Exercise prompt: Please retype the listing below word for word and exclude its images.

Information provided:
◇ ◇ ◇ ◇ ◇ ◇ ◇

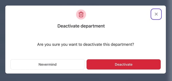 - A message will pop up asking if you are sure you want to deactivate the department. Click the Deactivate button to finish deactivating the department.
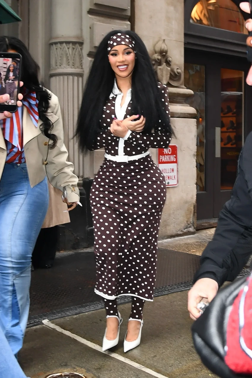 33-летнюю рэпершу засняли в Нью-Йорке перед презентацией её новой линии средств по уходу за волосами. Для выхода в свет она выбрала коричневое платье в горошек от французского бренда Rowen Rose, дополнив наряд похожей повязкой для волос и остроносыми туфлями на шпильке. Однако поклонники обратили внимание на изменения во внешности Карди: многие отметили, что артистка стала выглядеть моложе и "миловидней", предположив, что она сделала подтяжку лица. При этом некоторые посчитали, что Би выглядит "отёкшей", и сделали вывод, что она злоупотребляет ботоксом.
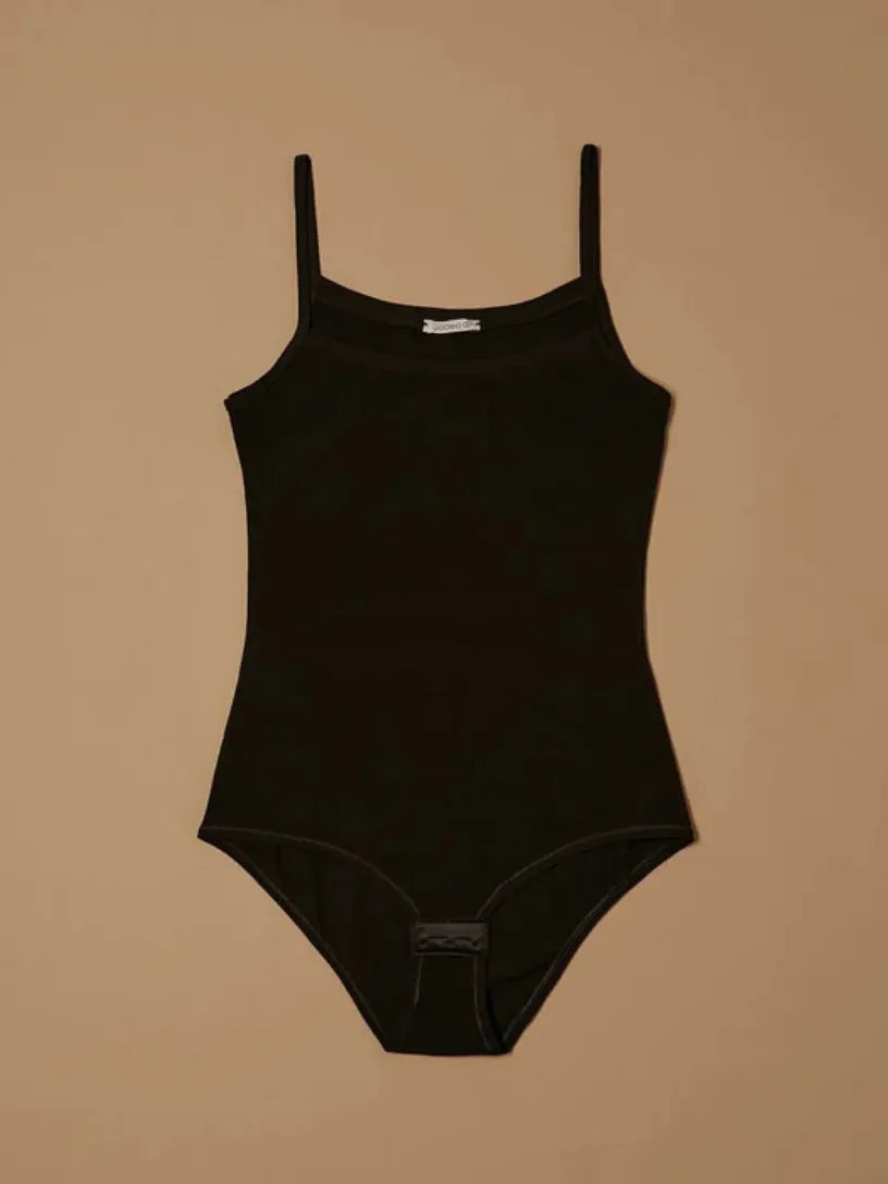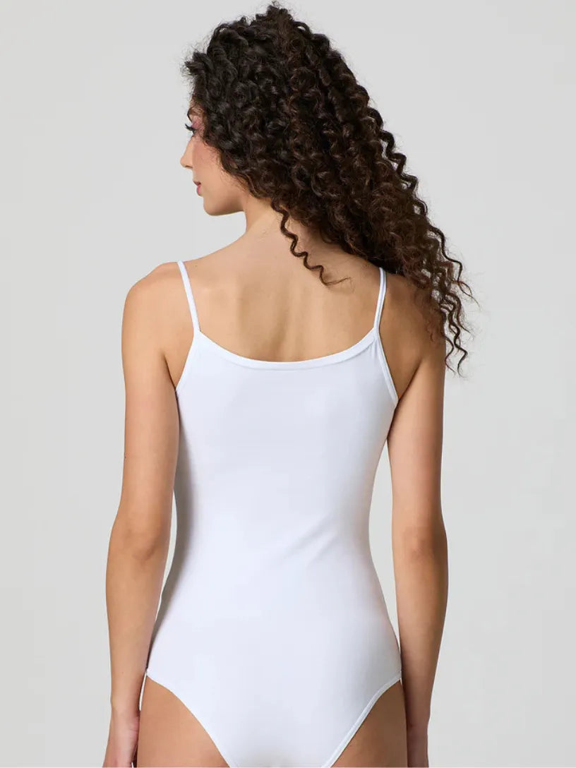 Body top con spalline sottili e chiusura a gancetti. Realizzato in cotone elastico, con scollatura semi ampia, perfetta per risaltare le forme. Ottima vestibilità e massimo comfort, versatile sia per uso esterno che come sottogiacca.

◇ ◇ ◇ ◇ ◇ ◇ ◇

Written response:
 - A message will pop up asking if you are sure you want to deactivate the department. Click the Deactivate button to finish deactivating the department.
 33-летнюю рэпершу засняли в Нью-Йорке перед презентацией её новой линии средств по уходу за волосами. Для выхода в свет она выбрала коричневое платье в горошек от французского бренда Rowen Rose, дополнив наряд похожей повязкой для волос и остроносыми туфлями на шпильке. Однако поклонники обратили внимание на изменения во внешности Карди: многие отметили, что артистка стала выглядеть моложе и "миловидней", предположив, что она сделала подтяжку лица. При этом некоторые посчитали, что Би выглядит "отёкшей", и сделали вывод, что она злоупотребляет ботоксом.
 Body top con spalline sottili e chiusura a gancetti. Realizzato in cotone elastico, con scollatura semi ampia, perfetta per risaltare le forme. Ottima vestibilità e massimo comfort, versatile sia per uso esterno che come sottogiacca.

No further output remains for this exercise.